Source: BBC
An Indian man who made his name exposing the “miraculous” feats of holy men as tricks has fled the country after being accused of blasphemy. Now in self-imposed exile in Finland, he fears jail – or even assassination – if he returns.
When a Hindu fakir declared on live television that he could kill anybody with tantric chanting, Sanal Edamaruku simply had to take him up on the challenge.
As both were guests in the studio, the fakir was put to the test immediately.
The channel cancelled all subsequent programming and he began chanting on the spot. But as the hours passed a note of desperation crept into his raspy mantras. For his part, Edamaruku, president of the Indian Rationalist Association, showed no sign of discomfort, let alone death. He merely chortled his way through this unconventional (and unsuccessful) attempt on his life.
He has spent his life as a prominent member of India’s small band of miracle-busters, men who dedicate their life to traversing the country demystifying certain beliefs.

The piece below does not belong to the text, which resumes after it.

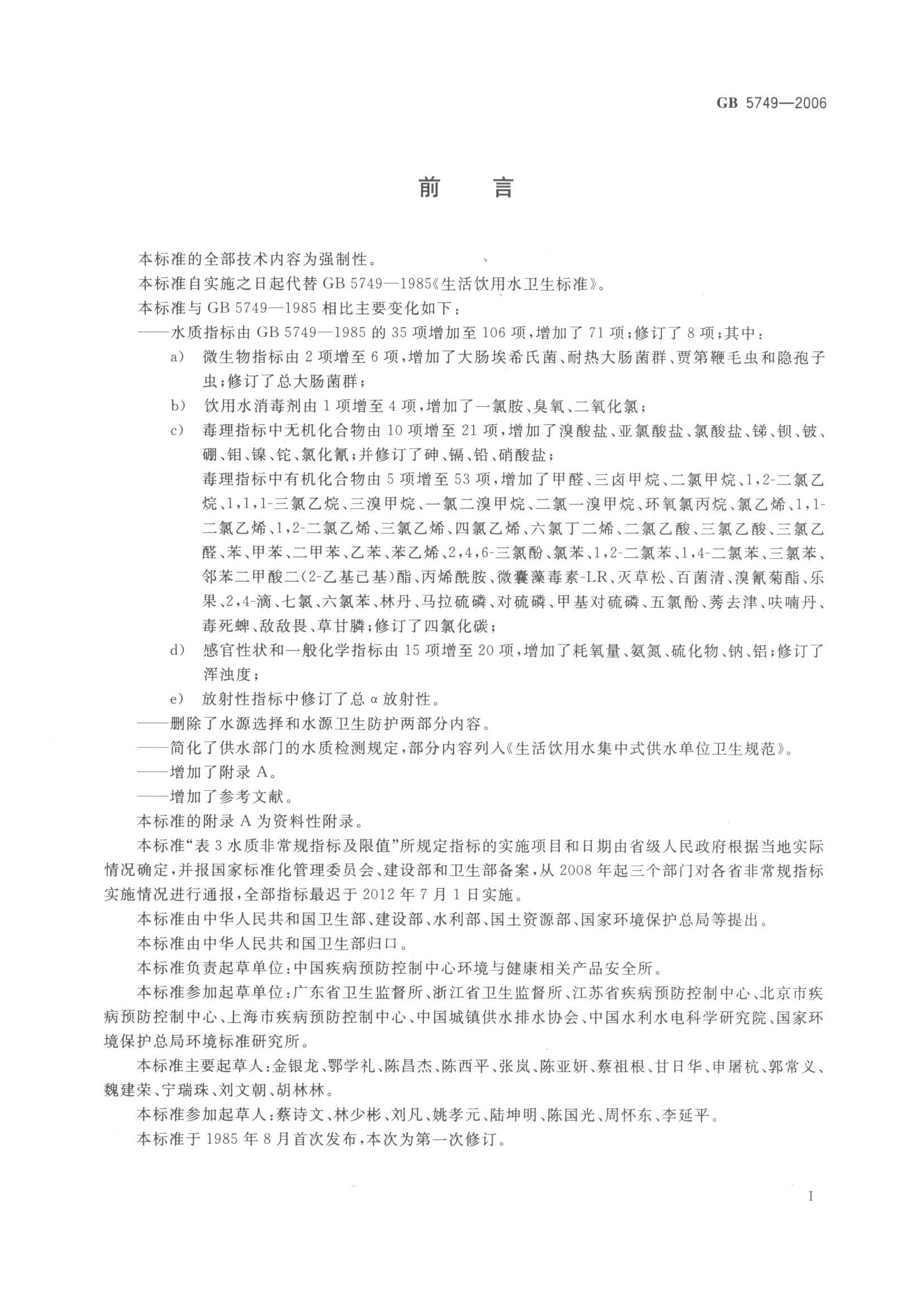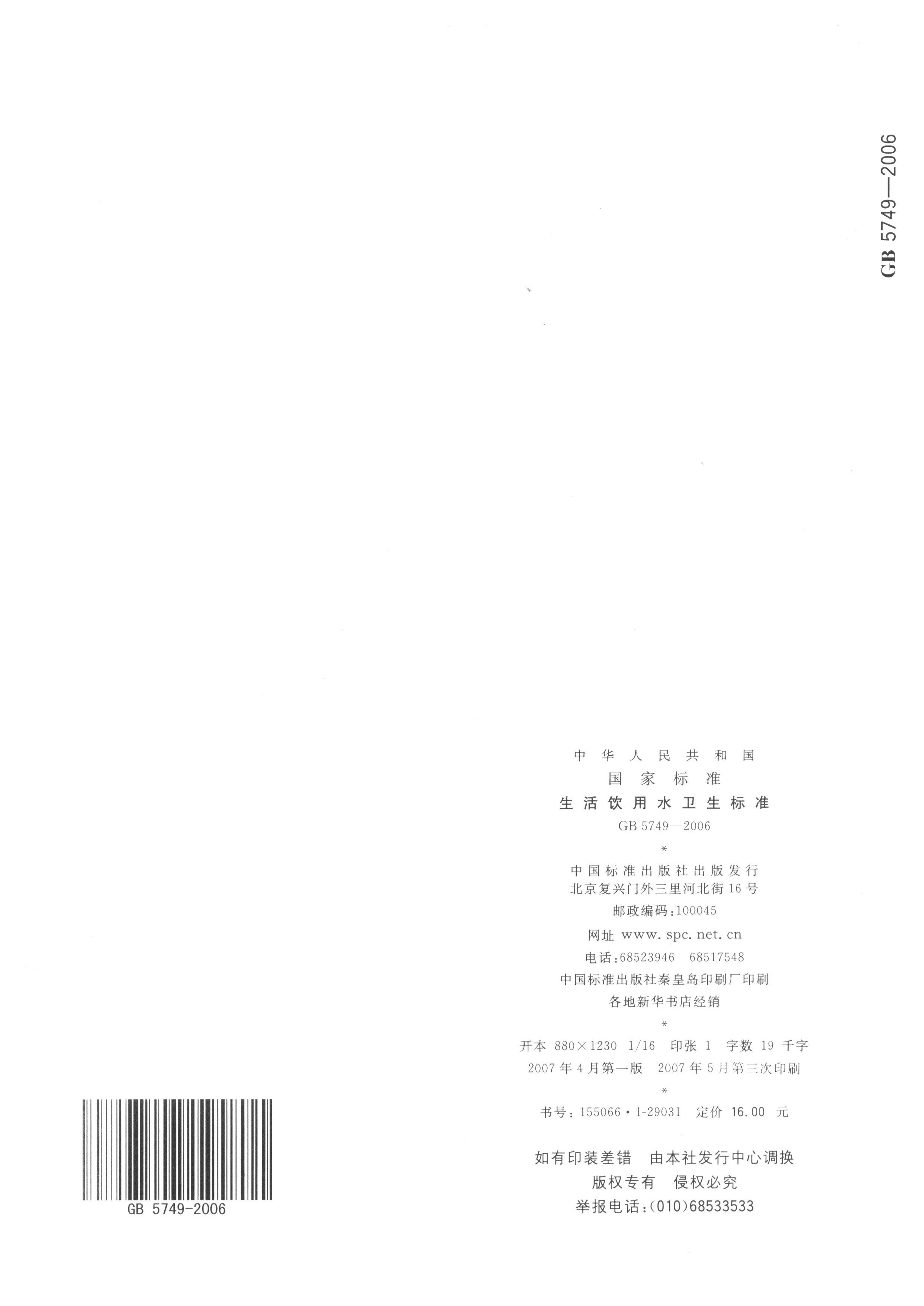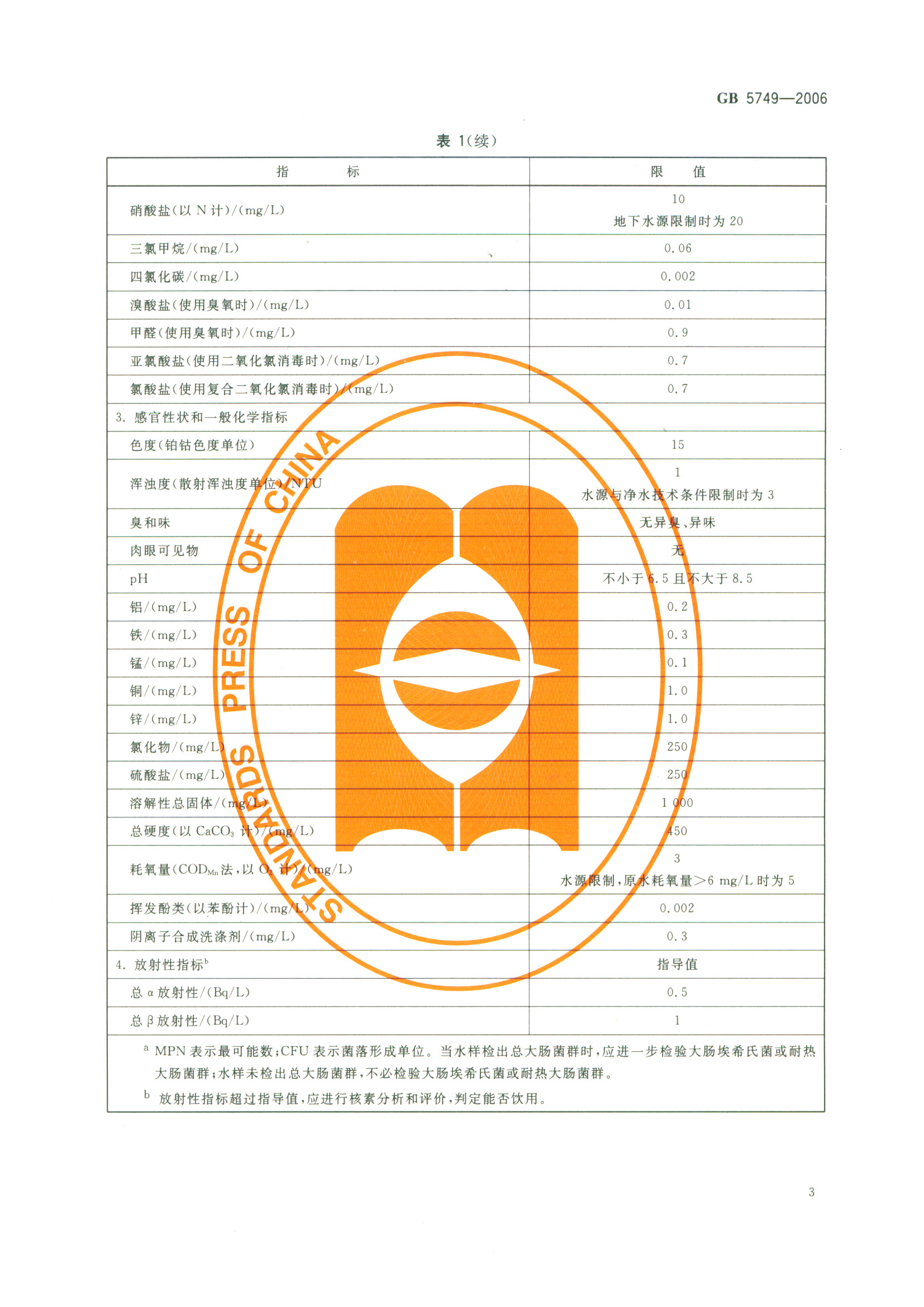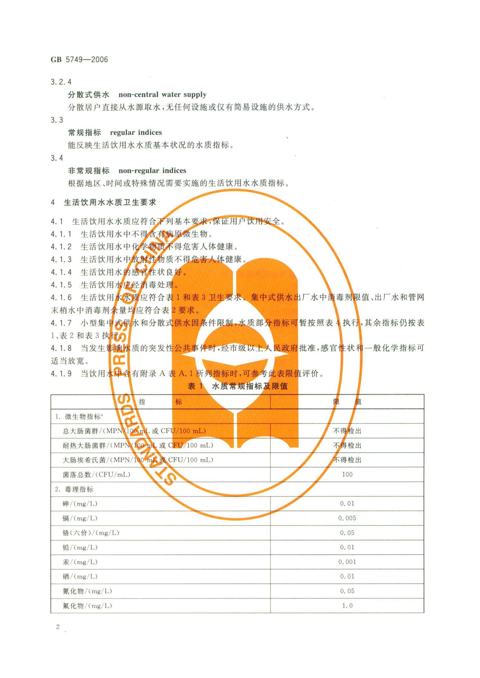 《生活飲用水衛(wèi)生標(biāo)準(zhǔn)》(GB5749-2006)

It’s a nation often associated with profound spirituality, but rationalists see their country as a breeding ground for superstition.
In the 1990s Edamaruku visited hundreds of villages replicating the apparently fabulous feats some self-proclaimed holy men became renowned for – the materialisations of watches or “holy” ash – exposing them as mere sleight of hand.

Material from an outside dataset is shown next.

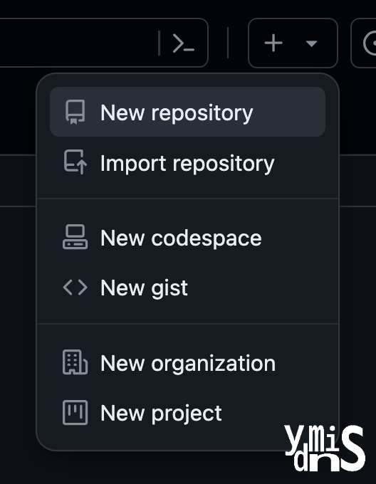 깃헙 메인피이지는 하나의 깃헙 계정당 딱 하나의 공간에 생성할 수 있다. 일단 자신의 깃헙에 로그인 한 후 왼쪽 상단에 위치한 + 버튼을 눌러준다.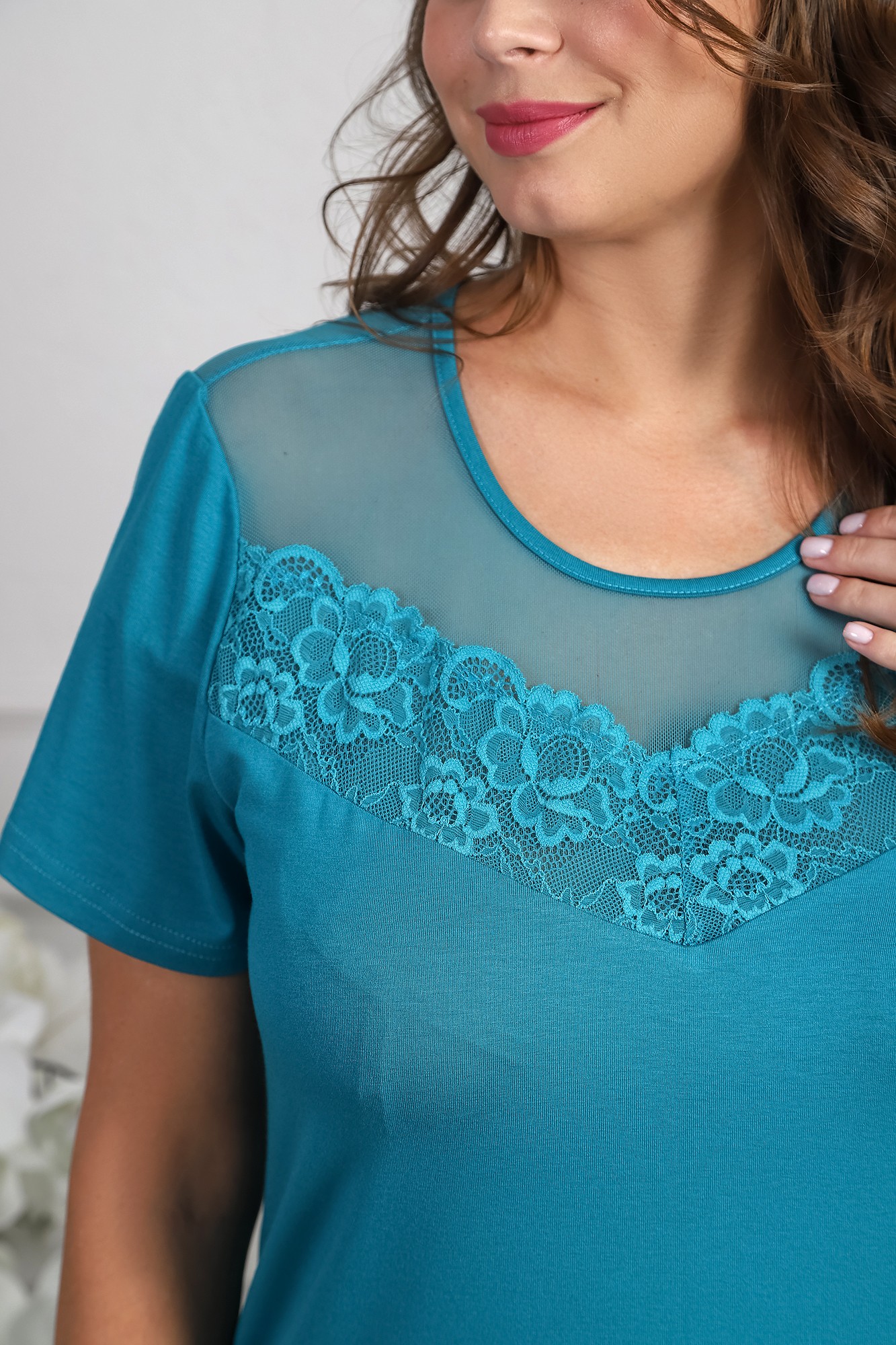 Футболка – с короткими втачными рукавами и горловиной овальной формы, окантованной основным материалом. На полочке и спинке – притачные кокетки v-образной формы, выполненные из полотна «сетка», с настроченными на них кружевными.

As a campaigner determined to drill home his point, sometimes with an air of goading bemusement, he has attracted critics.
He readily admits he took advantage of the explosion in Indian television channels which discovered an audience fascinated with tales of the extraordinary.
“I was campaigning in villages for so long before the television came,” he says. “But some people do not like me to be going on television and reaching out to millions of people.”
But in 2012, four years after his televised encounter with the fakir, a steady drip of water from the toe of a statue of Christ genuinely did, he believes, put his life in danger.
Immediately hailed as a miracle, hundreds of Catholic devotees and other curious residents flocked to the shrine in a nondescript Mumbai suburb to watch the hypnotic drip. Some even drank the droplets.
Edamaruku was challenged to investigate and so he went to the site with an engineer friend and traced the source of the drip backwards. Moisture on the wall the statue was mounted on seemed to come from an overflowing drain, which was in turn fed by a pipe that issued from a nearby toilet.
The “miracle” was simply bad plumbing, he said.
It was then that the situation turned ugly.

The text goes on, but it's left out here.